**About this exercise:**
Reproduce verbatim the lines of the material below, starting at the line with "原油价格短线来说触底迎来了一" and ending at the line with "유자빵은 속에 유자 카스타드", both inclusive; skip the rest.
Source data Start Marker
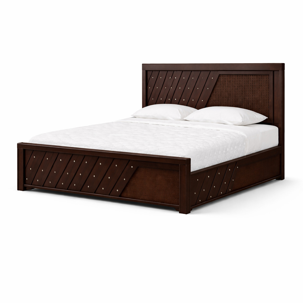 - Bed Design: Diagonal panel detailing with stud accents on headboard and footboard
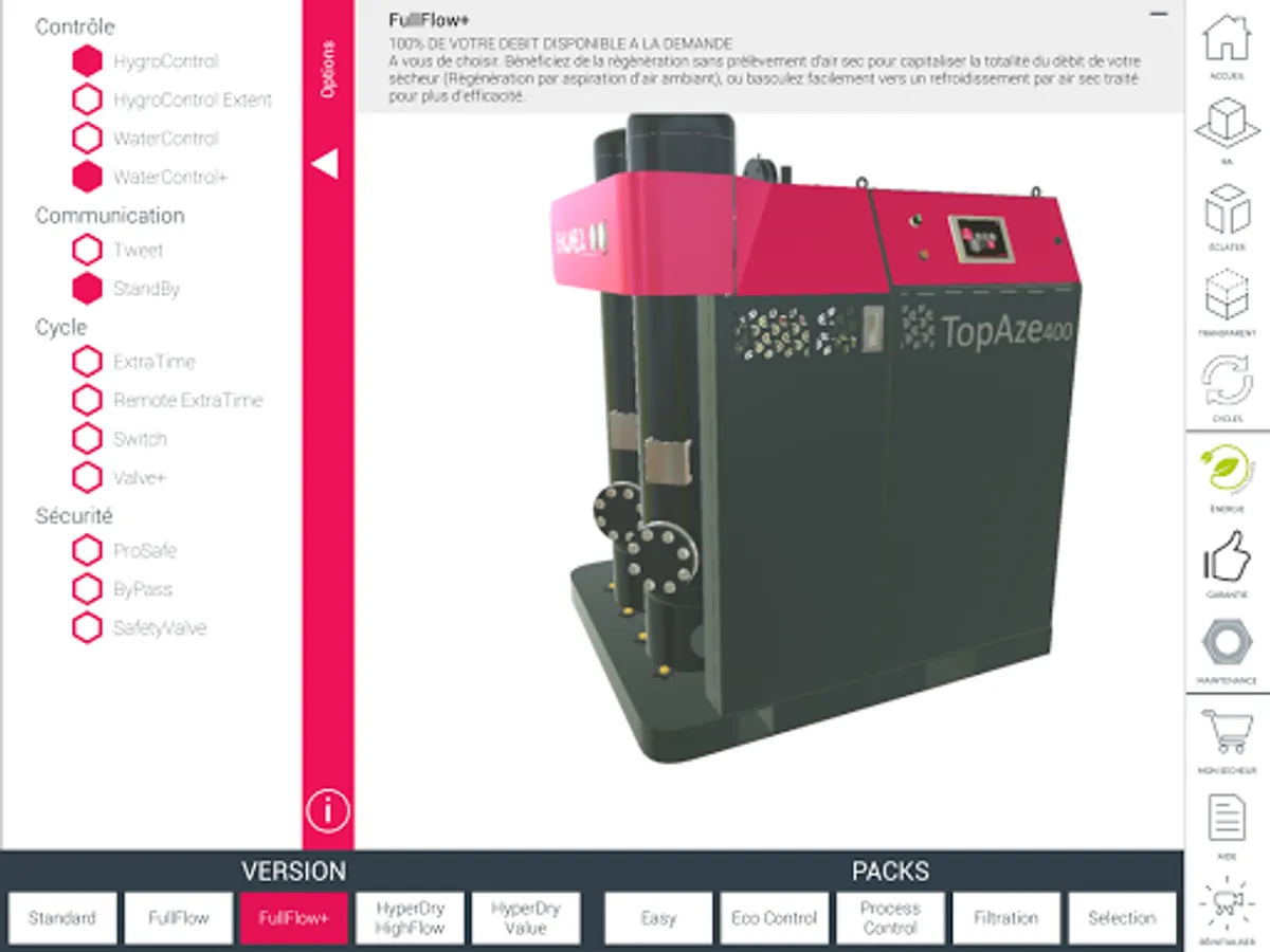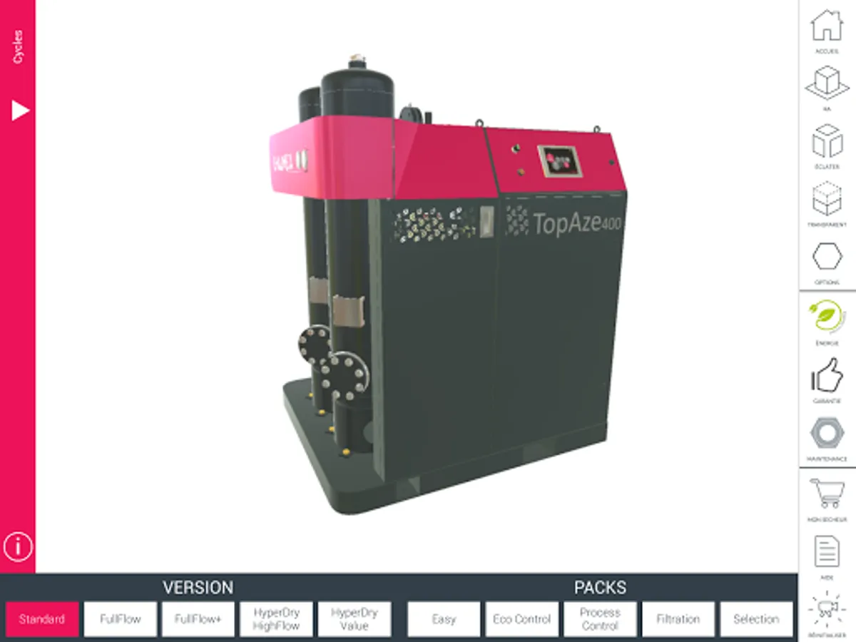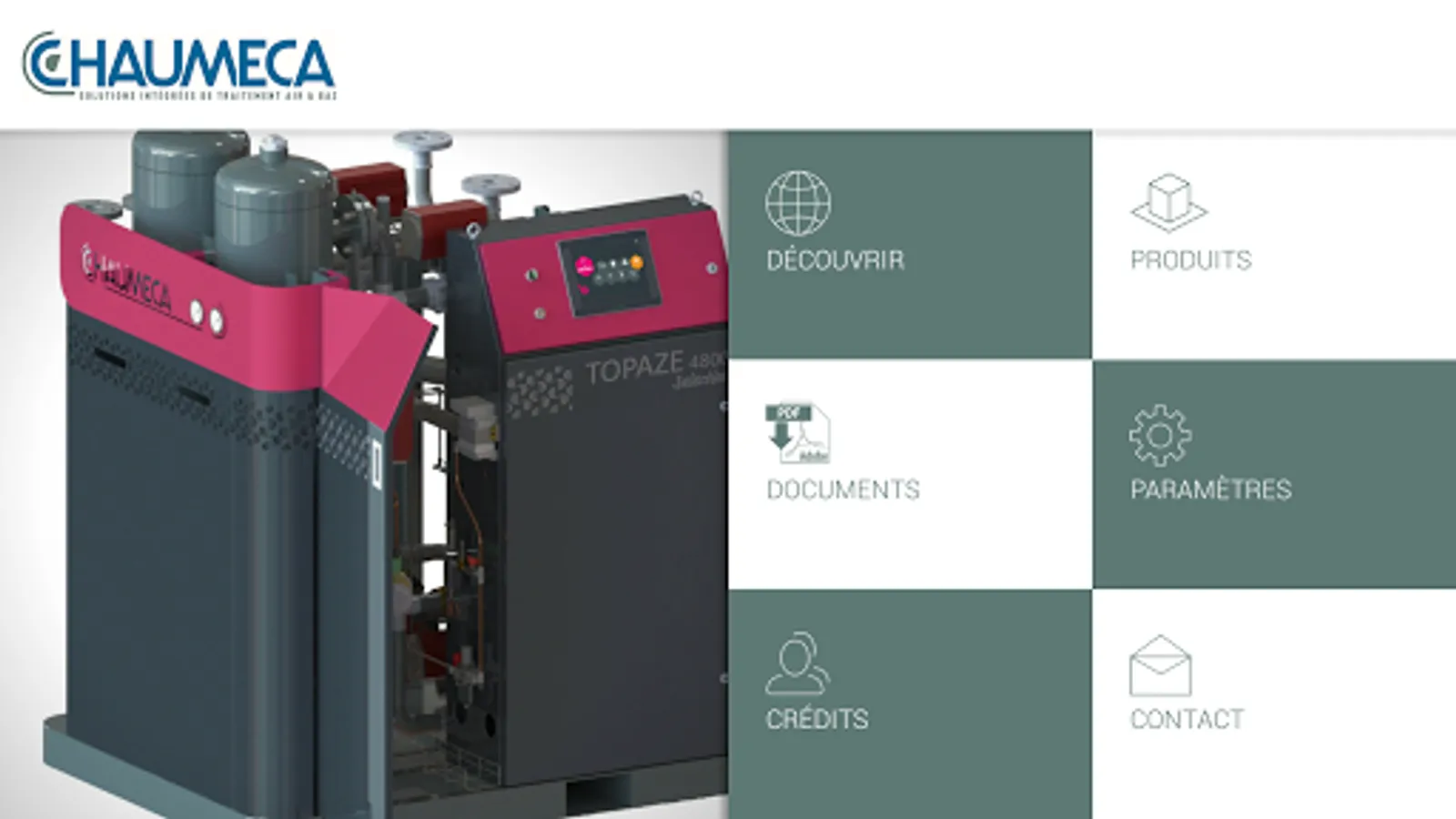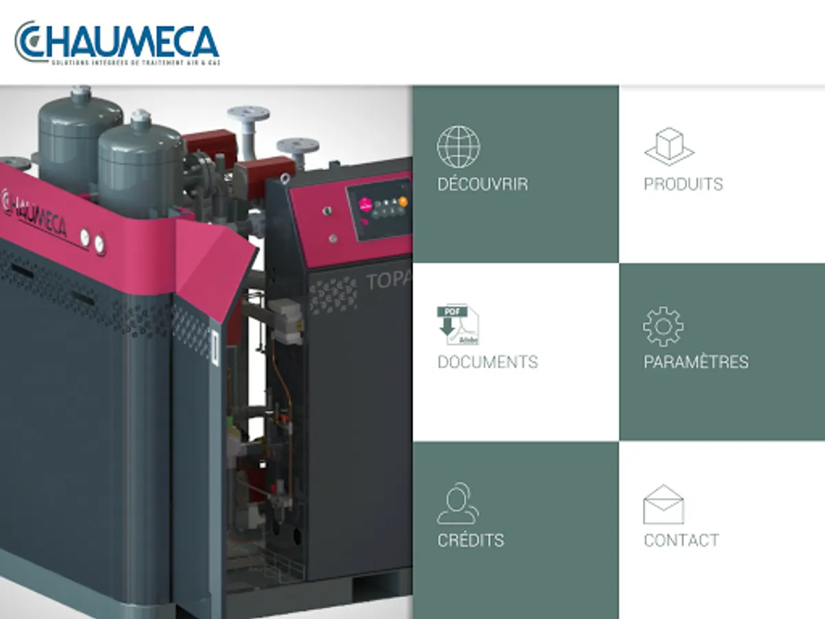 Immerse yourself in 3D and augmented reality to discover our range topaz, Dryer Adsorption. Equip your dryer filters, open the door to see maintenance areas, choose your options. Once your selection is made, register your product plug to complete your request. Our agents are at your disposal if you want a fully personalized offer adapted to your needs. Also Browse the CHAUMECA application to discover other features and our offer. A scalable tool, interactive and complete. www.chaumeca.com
Source data End Marker
Source data Start Marker
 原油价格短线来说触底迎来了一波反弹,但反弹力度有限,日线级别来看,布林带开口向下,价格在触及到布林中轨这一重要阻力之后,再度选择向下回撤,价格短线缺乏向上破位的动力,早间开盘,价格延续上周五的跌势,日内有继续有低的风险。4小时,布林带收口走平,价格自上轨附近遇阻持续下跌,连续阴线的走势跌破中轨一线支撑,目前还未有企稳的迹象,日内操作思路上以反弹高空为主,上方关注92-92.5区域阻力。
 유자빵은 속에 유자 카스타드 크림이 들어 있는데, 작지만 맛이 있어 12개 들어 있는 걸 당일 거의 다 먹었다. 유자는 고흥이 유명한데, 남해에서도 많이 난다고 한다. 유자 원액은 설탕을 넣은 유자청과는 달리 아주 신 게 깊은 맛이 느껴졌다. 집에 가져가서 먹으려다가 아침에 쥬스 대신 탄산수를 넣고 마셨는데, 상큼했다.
Source data End Marker
**Exercise output:**
 原油价格短线来说触底迎来了一波反弹,但反弹力度有限,日线级别来看,布林带开口向下,价格在触及到布林中轨这一重要阻力之后,再度选择向下回撤,价格短线缺乏向上破位的动力,早间开盘,价格延续上周五的跌势,日内有继续有低的风险。4小时,布林带收口走平,价格自上轨附近遇阻持续下跌,连续阴线的走势跌破中轨一线支撑,目前还未有企稳的迹象,日内操作思路上以反弹高空为主,上方关注92-92.5区域阻力。
 유자빵은 속에 유자 카스타드 크림이 들어 있는데, 작지만 맛이 있어 12개 들어 있는 걸 당일 거의 다 먹었다. 유자는 고흥이 유명한데, 남해에서도 많이 난다고 한다. 유자 원액은 설탕을 넣은 유자청과는 달리 아주 신 게 깊은 맛이 느껴졌다. 집에 가져가서 먹으려다가 아침에 쥬스 대신 탄산수를 넣고 마셨는데, 상큼했다.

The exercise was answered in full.